I think one of the main differences between me and most of you, dear readers, is that I am older. And, by being older, I can pretty much say that I not only watched more episodes of Julia Child cooking shows, but that I also watched them when they first aired.
Today, I made Julia’s bœuf Bourguignon, a hearty dish from the heart of the Burgundy region of France... Heart, of course, being the operative word for Valentine's Day!
For many of us, Julia Child is a kitchen hero, kitchen goddess, or even kitchen witch (and I mean a good witch, like Glinda). She is synonymous with food, and only with great food at that.

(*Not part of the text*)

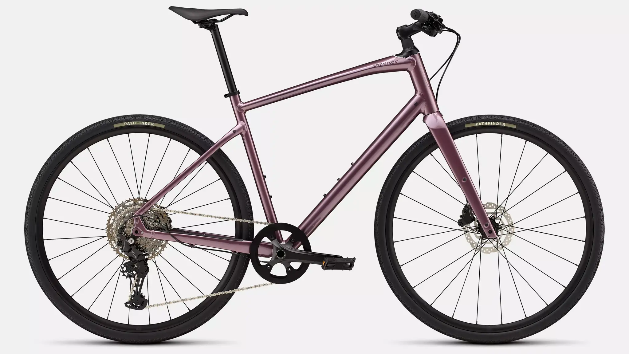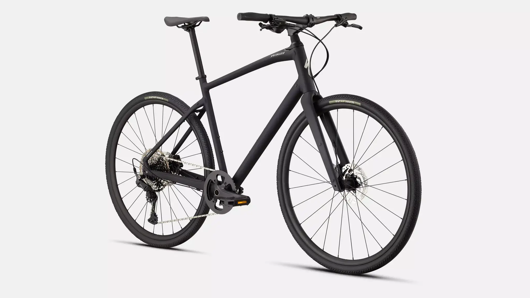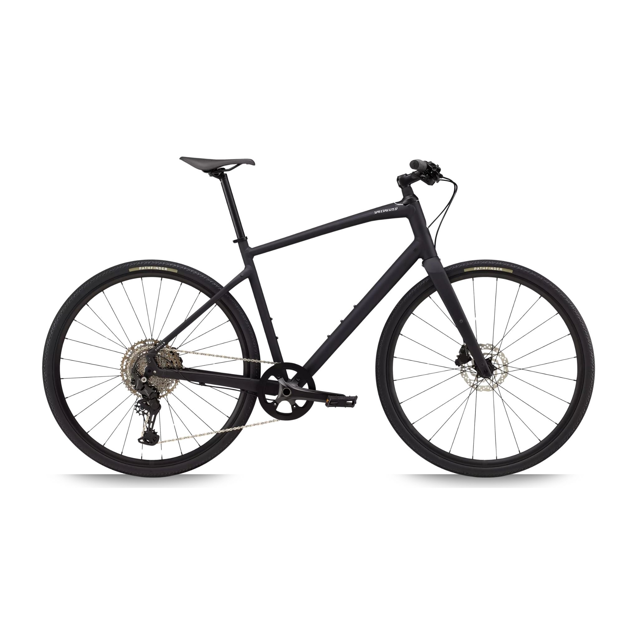 - Specialized A1SL Premium Aluminum, Fitness Geometry, butted tubing, internal cable routing, flat-mount disc, quick-release, Plug + Play rack/fender mounts

The other day I started wondering what it is that she actually did for me. How did she help me personally in my culinary journey? Here is what I came up with:
Julia got both my mother and me really excited about food. Mom was always a good cook, but access to Julia on television really changed things in our household. And it changed me, too, as I started watching the shows with Mom at a very young age. My mother became an amazing and adventurous cook, and the entire family's culinary expectations were raised. Today all three of my brothers love to cook too.
She inspired - and continues to inspire - me. Akin to Gusteau in Dinsey's Ratatouille, Julia believed that anyone can cook. She knew it in her heart, and she shared it weekly in her signature mezzo-soprano warble. I sometimes look at her recipes in Mastering the Art of French Cooking and am intimidated. But then I remember why she wrote that two volume set, and I simply forge on. I haven't yet had a disaster... well, as long as I followed her directions.
She taught me so much and trained me well. She imparted little things that have made such a difference in my day-to-day cooking:
- when you sauté, heat the skillet first, then add the fat. Whatever you are cooking won't stick.
- before browning meat, make sure it is really dry, otherwise it won't brown (this goes for chicken, too).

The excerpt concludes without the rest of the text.